━━━━━ Data for this task

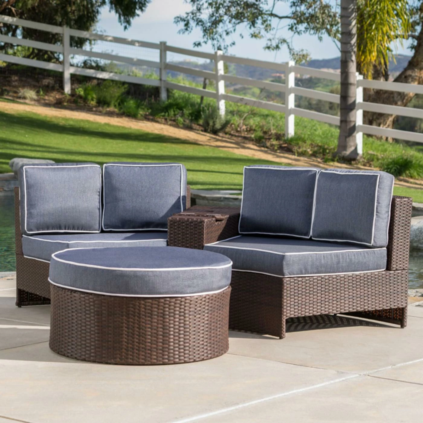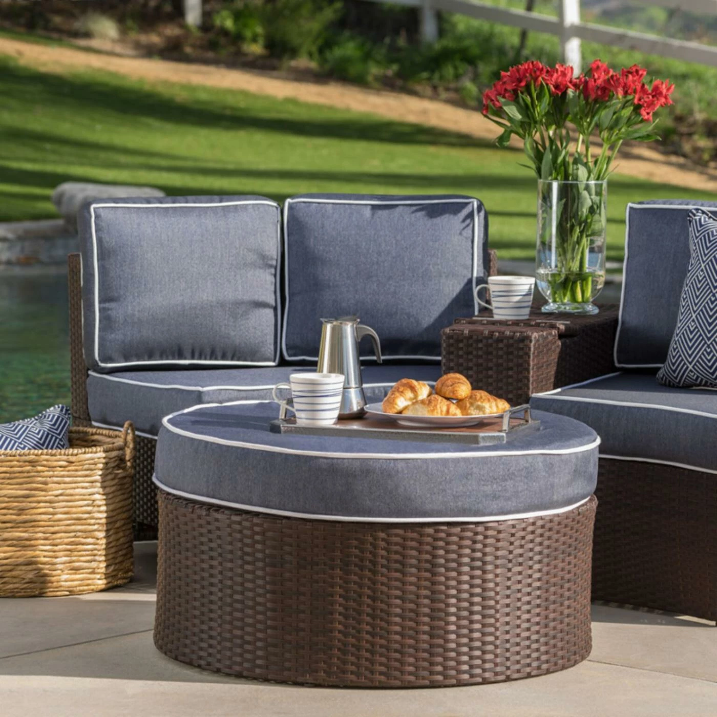 Summer nights can be even more relaxing with the Seychelles Wicker 2 Piece Patio Sectional Conversation Set. Constructed of aluminum woven in polyethylene wicker, this set ensures longevity and a sturdy foundation. The polyester-blend cushions make it as if you’re sitting on a cloud, and are water resistant so morning dew or rain isn’t an issue. Nice cold refreshments can be easily reached as the ottoman can come with or without an ice bucket. Easily store your refreshments in the ottoman’s hidden cup holders. Shade can be conveniently provided as the ottoman also features a two-inch umbrella hole for a cool break from the sun. In off seasons or anytime you don’t want to use this set, easily detach the cushions for manageable storage.
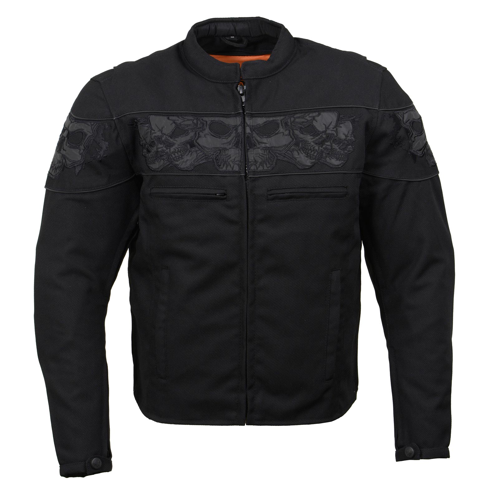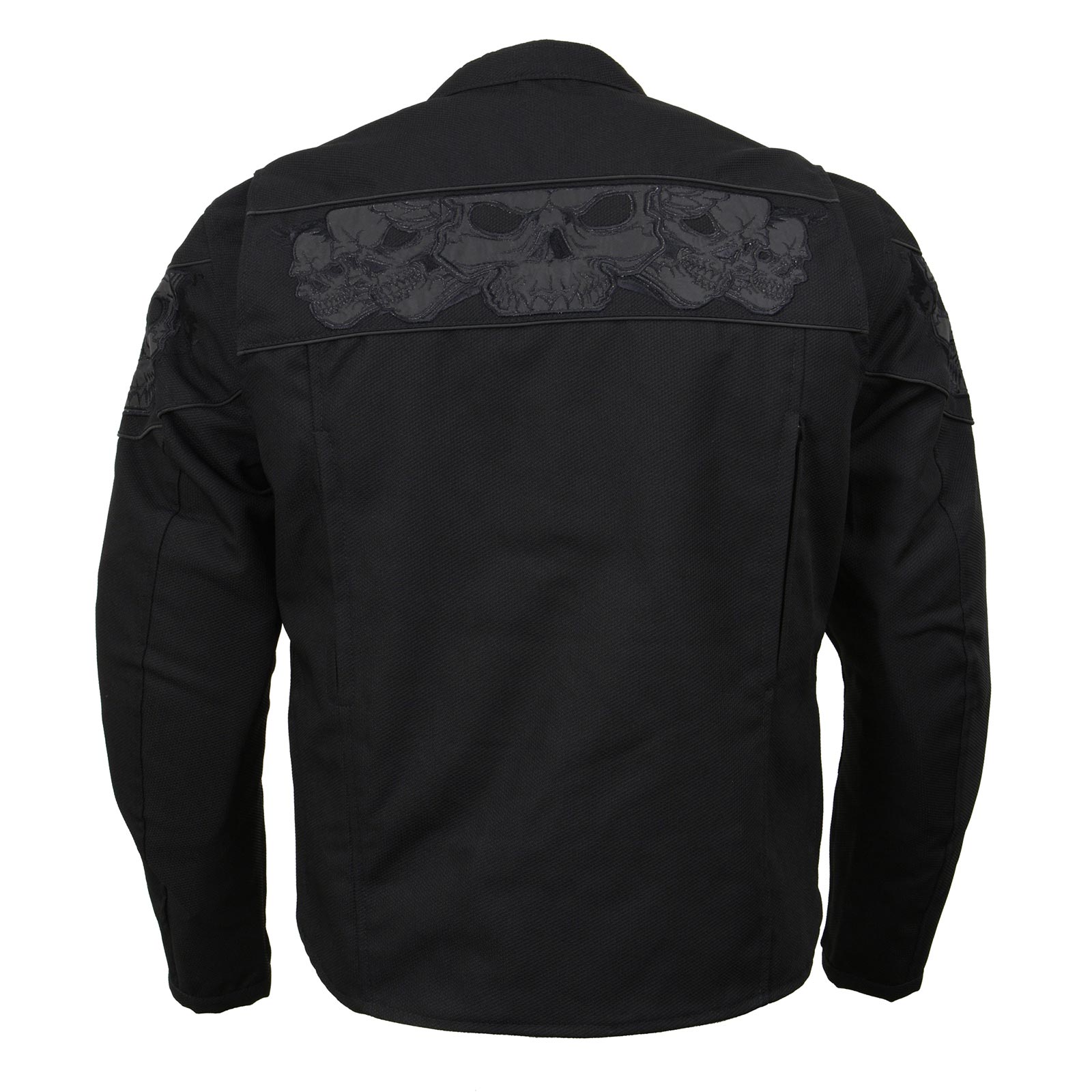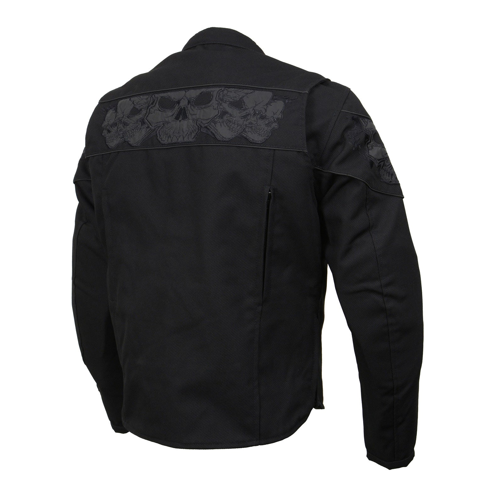 Milwaukee Leather MPM1730 Men's Black Padded Textile All Season Motorcycle Jacket w/ Reflective Skulls Artwork
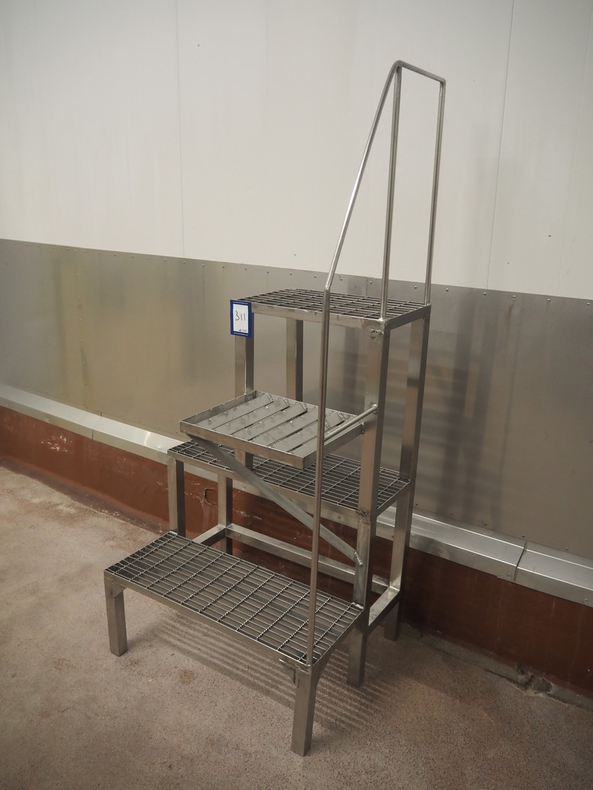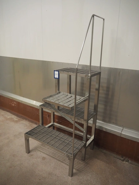 S/s stairs, 3 steps, working height: 1110 mm, total dimensions: 750 mm x 600 mm x 1700 mm.
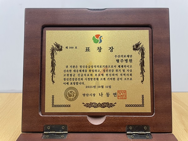 양산시장 표창장 수여(정신응급 당직 수행 우수기관 선정)
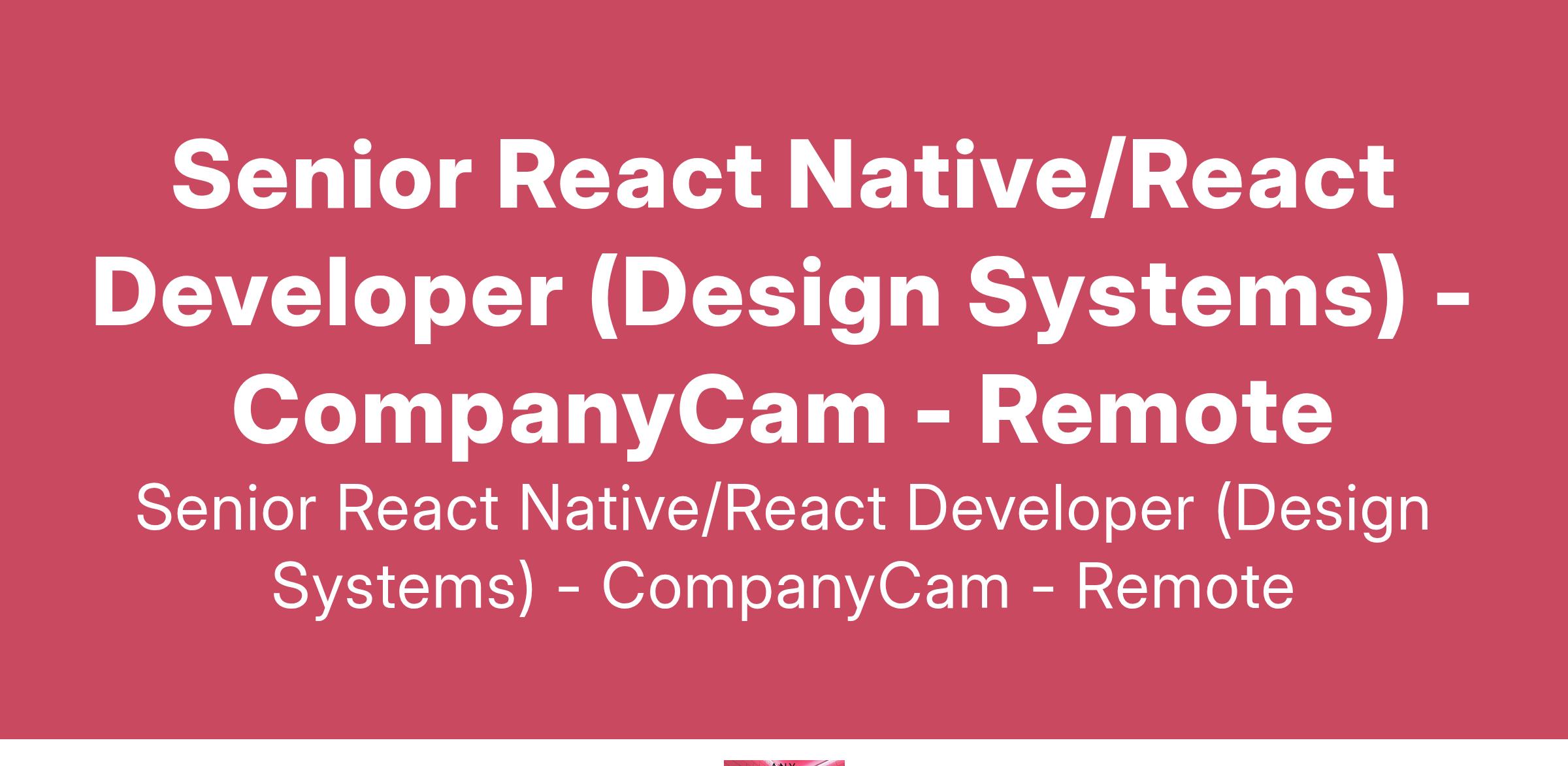 We’re seeking a sharp, self-motivated, problem-solving Senior React Native/React Developer (Design Systems) to join our Design System (Slab) Team. In this role, you’ll play a key part in ensuring that CompanyCam’s engineers have the tools and resources they need to effectively utilize, iterate on, and contribute to our component libraries.
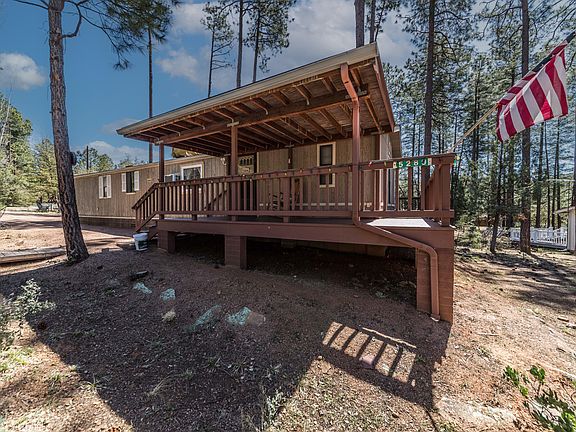 PRICE IMPROVEMENT! MOTIVATED SELLER! Escape to the mountains! This delightful 2 bedroom, 2 bath split floorplan home is nestled on over a third of an acre, offering the ideal setting for both full-time living and weekend getaways. Immerse yourself in outdoor living with the large deck that wraps around three sides of the home, providing ample space for relaxation and entertainment. Move in with peace of mind knowing that this home boasts a BRAND-NEW ROOF completed 4/24 with transferable warranty. Ample parking space available, accommodating guests or multiple vehicles is a breeze. Two sheds in yard, one has power. 3 wall AC units. Home will be sold partially furnished and includes 3 flat screen TV's.
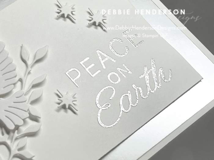 - Tools & Accessories: Peace On Earth Dies, Heat Tool, Metallics Embossing Powders, Stampin’ Dimensionals
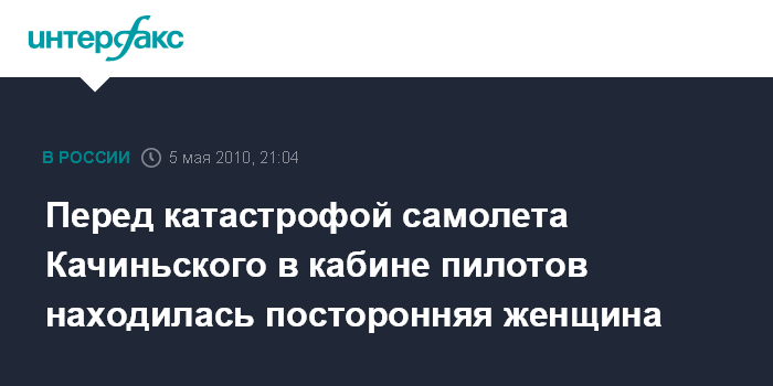 Перед катастрофой самолета Качиньского в кабине пилотов находилась посторонняя женщина
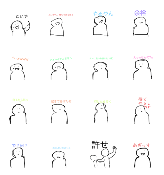 | スタンプ説明 | 絵心のない僕が指で作ってムカつくように作ったスタンプです。相手を煽る用などに使いましょう。 |
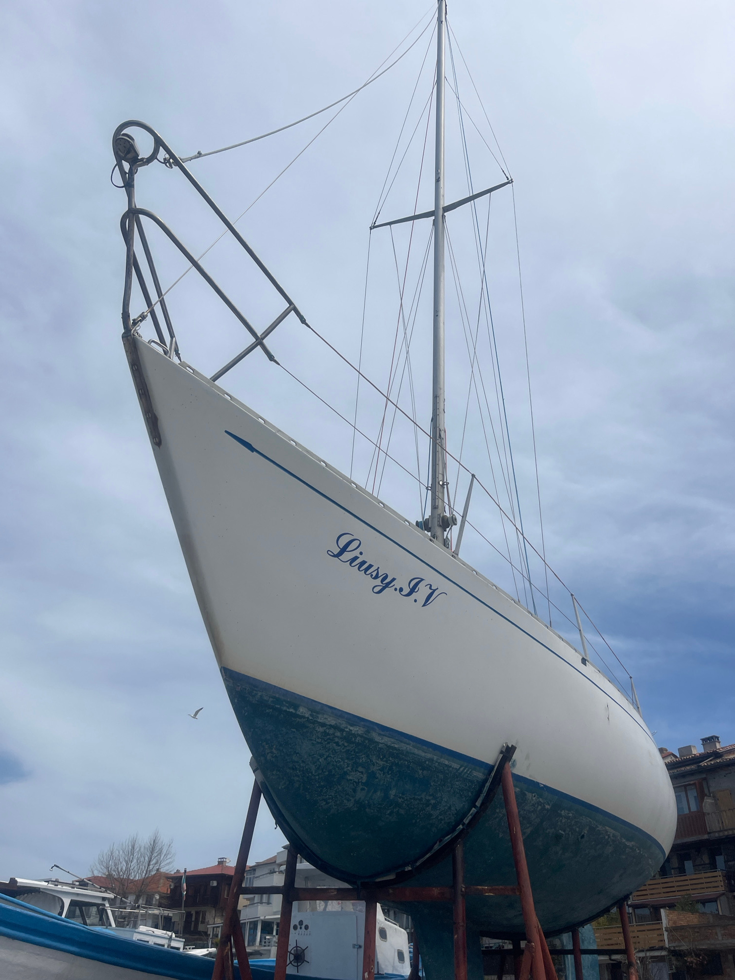A large white and blue sailboat, named "Linsy I.V" (or "Linsy IV") in blue script on its hull, is the primary subject of this bright, daytime image. The vessel is dry-docked on land, supported by robu…read more

━━━━━━━━━━

What you need to do: For this exercise, transcribe the data exactly but without its pictures.

Solved problem:
 Summer nights can be even more relaxing with the Seychelles Wicker 2 Piece Patio Sectional Conversation Set. Constructed of aluminum woven in polyethylene wicker, this set ensures longevity and a sturdy foundation. The polyester-blend cushions make it as if you’re sitting on a cloud, and are water resistant so morning dew or rain isn’t an issue. Nice cold refreshments can be easily reached as the ottoman can come with or without an ice bucket. Easily store your refreshments in the ottoman’s hidden cup holders. Shade can be conveniently provided as the ottoman also features a two-inch umbrella hole for a cool break from the sun. In off seasons or anytime you don’t want to use this set, easily detach the cushions for manageable storage.
 Milwaukee Leather MPM1730 Men's Black Padded Textile All Season Motorcycle Jacket w/ Reflective Skulls Artwork
 S/s stairs, 3 steps, working height: 1110 mm, total dimensions: 750 mm x 600 mm x 1700 mm.
 양산시장 표창장 수여(정신응급 당직 수행 우수기관 선정)
 We’re seeking a sharp, self-motivated, problem-solving Senior React Native/React Developer (Design Systems) to join our Design System (Slab) Team. In this role, you’ll play a key part in ensuring that CompanyCam’s engineers have the tools and resources they need to effectively utilize, iterate on, and contribute to our component libraries.
 PRICE IMPROVEMENT! MOTIVATED SELLER! Escape to the mountains! This delightful 2 bedroom, 2 bath split floorplan home is nestled on over a third of an acre, offering the ideal setting for both full-time living and weekend getaways. Immerse yourself in outdoor living with the large deck that wraps around three sides of the home, providing ample space for relaxation and entertainment. Move in with peace of mind knowing that this home boasts a BRAND-NEW ROOF completed 4/24 with transferable warranty. Ample parking space available, accommodating guests or multiple vehicles is a breeze. Two sheds in yard, one has power. 3 wall AC units. Home will be sold partially furnished and includes 3 flat screen TV's.
 - Tools & Accessories: Peace On Earth Dies, Heat Tool, Metallics Embossing Powders, Stampin’ Dimensionals
 Перед катастрофой самолета Качиньского в кабине пилотов находилась посторонняя женщина
 | スタンプ説明 | 絵心のない僕が指で作ってムカつくように作ったスタンプです。相手を煽る用などに使いましょう。 |
A large white and blue sailboat, named "Linsy I.V" (or "Linsy IV") in blue script on its hull, is the primary subject of this bright, daytime image. The vessel is dry-docked on land, supported by robu…read more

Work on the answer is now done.